基于离线强化学习的图像风格化推理与智能体规划
Agentic Planning with Reasoning for Image Styling via Offline RL
March 7, 2026
作者: Subhojyoti Mukherjee, Stefano Petrangeli, Branislav Kveton, Trung Bui, Franck Dernoncourt, Arko Mukherjee
cs.AI
摘要
基於直接提示的編輯方法在處理複雜圖像轉換時往往效果不佳,因為模糊且主觀的提示需要對圖像應修改內容具備細緻入微的理解。我們的核心思路是:與其直接使用提示,不如利用組合式圖像編輯工具,通過具有明確推理過程的結構化智能體規劃來獲得更優結果。這種結構化規劃框架能夠對質量評分的軌跡進行高效的離線強化學習後訓練,從而提升性能。我們提出了一個基於工具的智能體強化學習後訓練框架,該框架通過具備思維鏈推理的結構化規劃來解決這一問題。我們的主要貢獻包括:(1)基於工具的智能體規劃方法,結合了正交原始變換的組合庫、結構化上下文表徵以及明確的逐步驟推理,可將複雜風格化任務分解為可解釋的工具序列;(2)合成數據生成流程,構建了三個大規模數據集(各包含1萬條模擬軌跡),提供推理鏈、規劃方案和質量評分,現有數據集均缺乏此類監督信號;(3)作為核心算法貢獻的離線強化學習訓練方法,用於訓練具備推理能力的規劃器,在視覺質量和指令遵循方面持續超越僅編輯基線;(4)在40億和80億參數的Qwen3-VL模型上進行全面評估,表明我們的方法在大多數組合任務中優於其他基線,並通過人工評估驗證。
English
Direct prompt-based editing often fails on complex transformations because vague and subjective prompts often require nuanced understanding of what should be changed in the image. Our core intuition is that leveraging compositional image editing tools rather than direct prompting profits from structured agent-level planning with explicit reasoning, leading to better results. This structured planning framework enables efficient offline RL post-training on quality-scored trajectories to improve performance.
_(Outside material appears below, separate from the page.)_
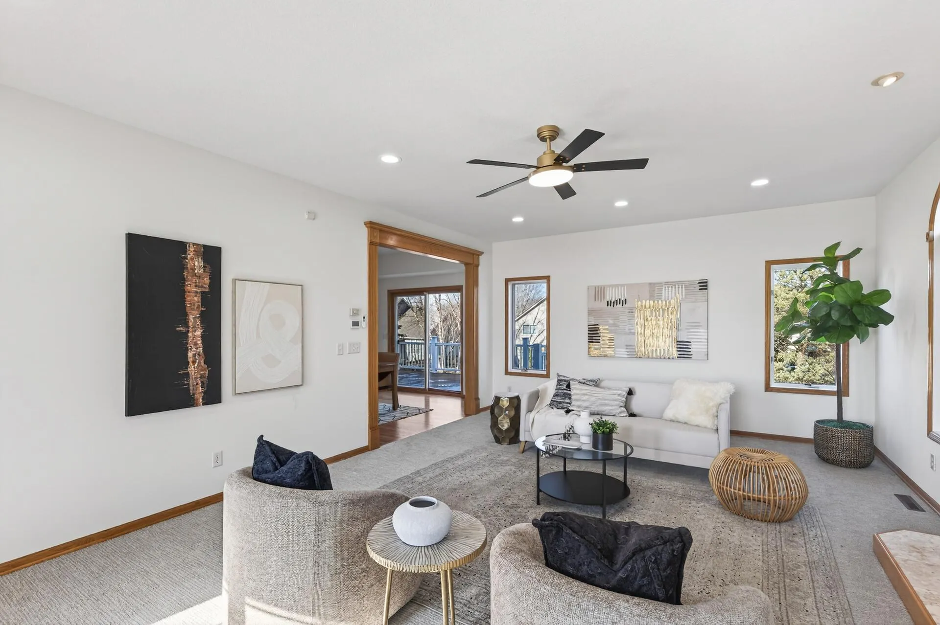 Welcome to this spacious 4-bedroom, 3-bath home on a quiet Oakdale street featuring a functional layout and room to grow. Freshly updated with new paint and carpet throughout, this home offers bright main-level living and dining spaces anchored by a cozy gas fireplace. The kitchen features new quartz countertops, and a patio leads to a deck overlooking the large backyard — perfect for relaxing or entertaining.

We present a tool-based agentic RL post-training framework that addresses this through structured planning with chain-of-thought reasoning. Our key contributions include: (1) A tool-based agentic planning methodology that combines a compositional library of orthogonal primitive transformations, structured context representation, and explicit per-step reasoning to decompose complex styling into interpretable tool sequences. (2) A synthetic data generation pipeline producing three large-scale datasets (each sim10K trajectories) with reasoning chains, plans, and quality scores, as no existing datasets provide such supervision. Our datasets and code are publicly available at the HuggingFace repository. (3) Offline RL training methods for learning planners with reasoning as our core algorithmic contributions, which consistently improve over the Edit-Only baseline in visual quality and instruction following. (4) Comprehensive evaluation across 4B and 8B parameter Qwen3-VL models showing that our methods outperform other baselines in the majority of compositional tasks, validated by human evaluations.